The problem is with the mould surface after demoulding from the master. Polishing the surface does not help to improve the parts of the surface that is affected. I have made moulds for 15 years now, and most of my moulds get affected by this problem. The first parts that comes out of new moulds gets the same surface imperfections and needs polishing. When the moulds get used and covered with wax the problem shows less on the parts... The imperfections on the mould surface shows up like a more dull, less shiny area. I have experienced the problem with the following gelcoat/wax combinations:
-SW18 and Norpol W70
-R&G P and TR wax
-F200 and PAT921
-F200 and HM racing Dolphine wax.
Backing epoxy have been L385/H386 or R&G epoxy L with hardener L.
Modus operandi:
All moulding operations are done in a composite lab at work that is temperature and humidity controlled.
Wax:
Before waxing the master gets cleaned with silicone remover or alcohol. (Only silicone free soap and water if it is a plexi-master)The master get waxed 5-8 times. Wax is applied and wiped with new piece of clean cotton cloth after a few minutes. The wax get polished later to shine. The waiting time in between wax layers are at least 6 hours. After last wax layer I wait at least 12 hours before moulding.
Gelcoat:
The gelcoat get mixed by hand in small 100g batches in a disposal cup with a stiring stick only rotated in one direction. After thorough mixing I pour the gelcoat from the cup over on a disposable paper plate without scraping the edges.
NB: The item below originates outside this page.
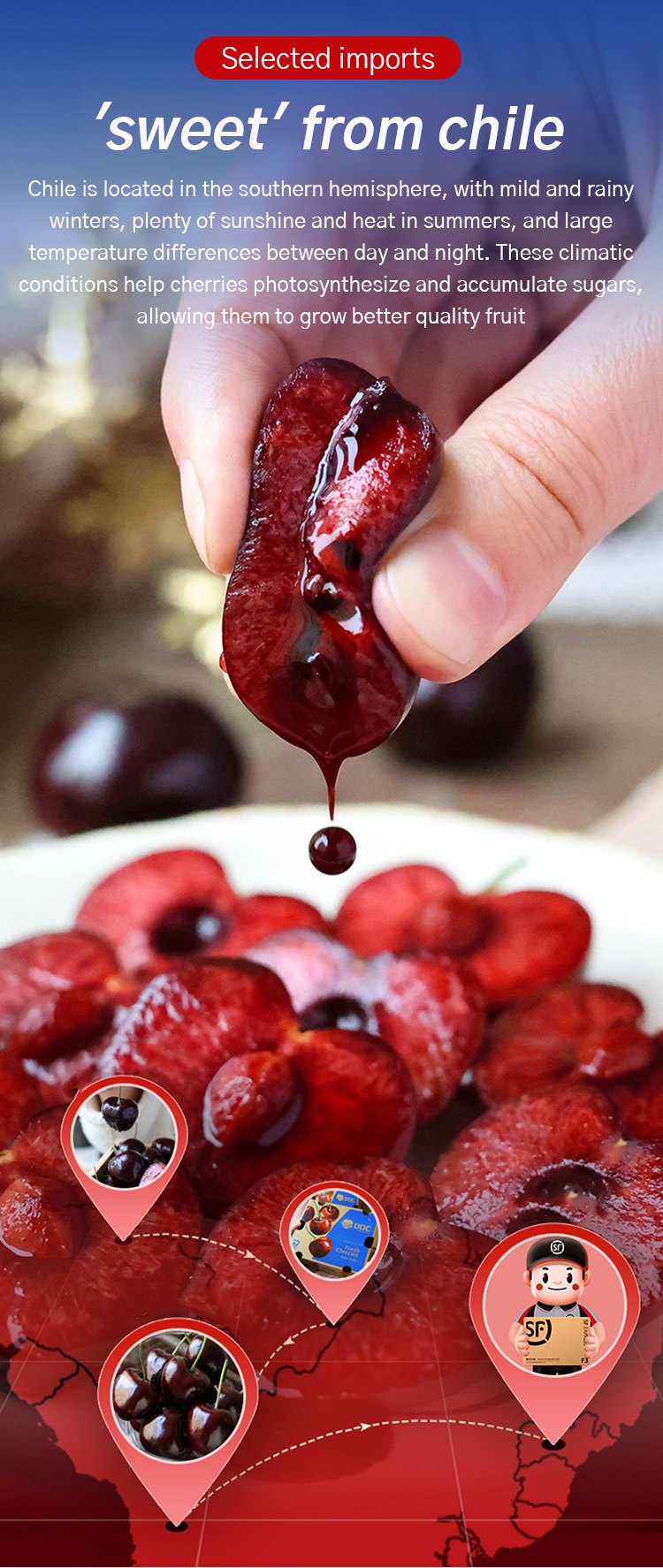 🍒🍒🍒Chilean imported 4J sweet cherry variety, premium quality ✅ Survival rate over 99%, bears fruit in the same year, thin-skinned, thick-fleshed, juicy, crisp, and sweet

Before applying the gelcoat I check that the waxed surface is perfectly shiney and clean. The gelcoat gets applied with an R&G epoxy brush. I start at one end of the positive and only apply the gelcoat in one direction only. When applying the gelcoat I always start the brush stroke on top of already applied gelcoat to make an even coat. I let the gelcoat gel until not sticky to the touch anymore and always apply a second layer of gelcoat after this.
Backing layers
I use a very thin coat of epoxy mixed with cotton flocks, this is just to make sure that the edges don`t have bubbles. The layers are always two layers of 105g aero twill glass. Then I use a heavyer layer of glass and continue with multiaxial carbon and Poraver. The moulds get to harden for at least 15hours before adding backing layer on the Poraver.
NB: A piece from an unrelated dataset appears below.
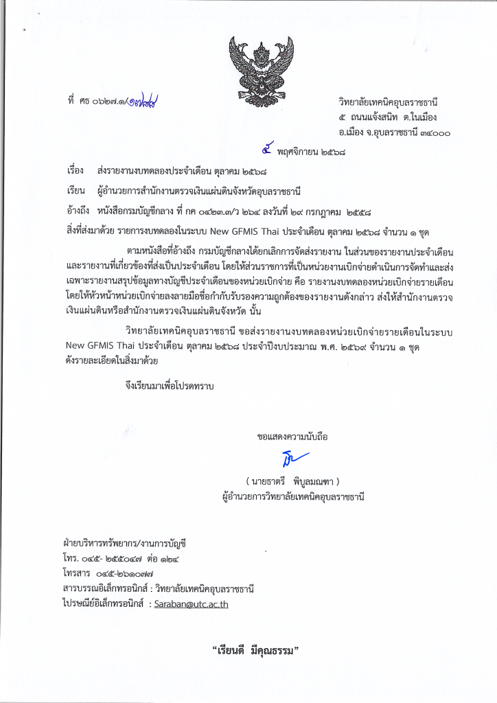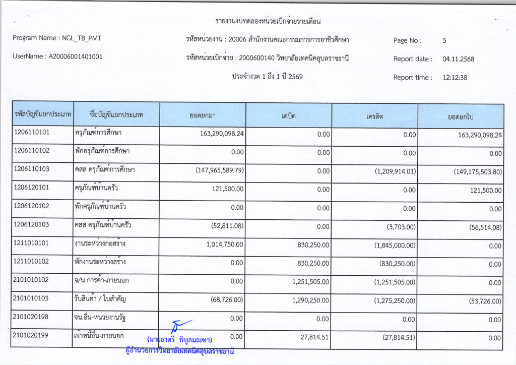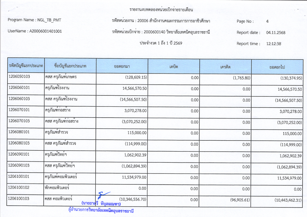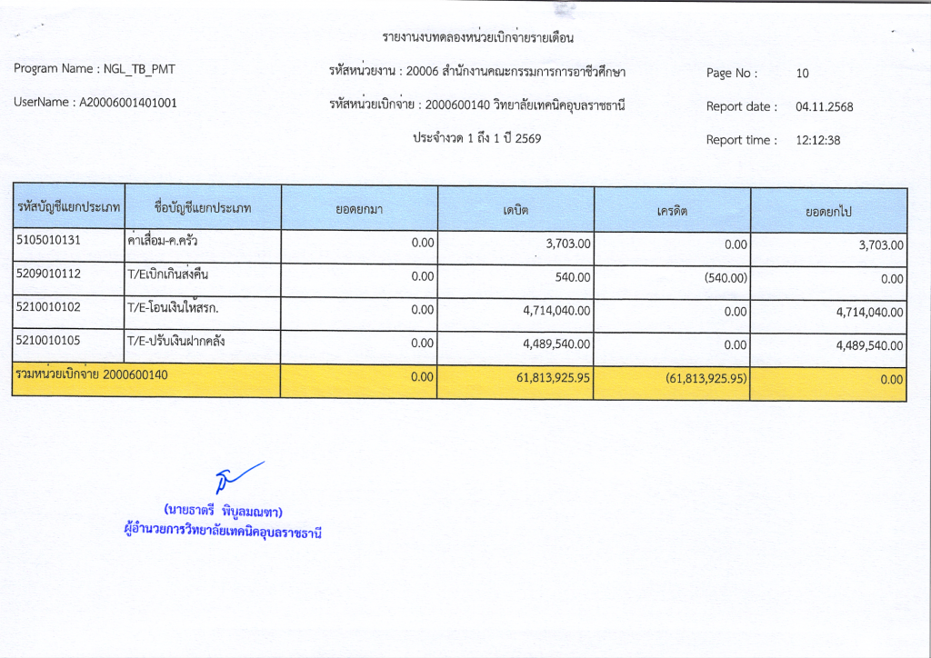 รายงานงบทดลองประจำเดือน ตุลาคม 2568

After around 48 hours of hardening at around 25 degrees I put the moulds and master in the oven and ramp up 5C/hour up to around 45C and keep for at least 12 hours.
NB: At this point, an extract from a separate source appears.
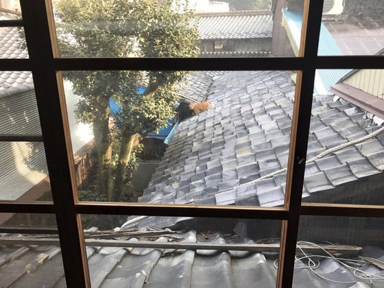 この屋根、けっこう古いんで、スレート屋根にすることを勧められました。

The moulds get demoulded after around a week of hardening. The surface get cleaned with soap and water or alcohol and if needed gets polished with 3M Perfect-it.
What am I doing wrong? I`m in the prosess of making new moulds and need to get to the bottom of this problem.
Currently I`m using SW18 and Norpol W70. The positives are made from plexiglass. Anyone had the same problem, and how did you solve it? Gideon, Arne, Sven care to comment?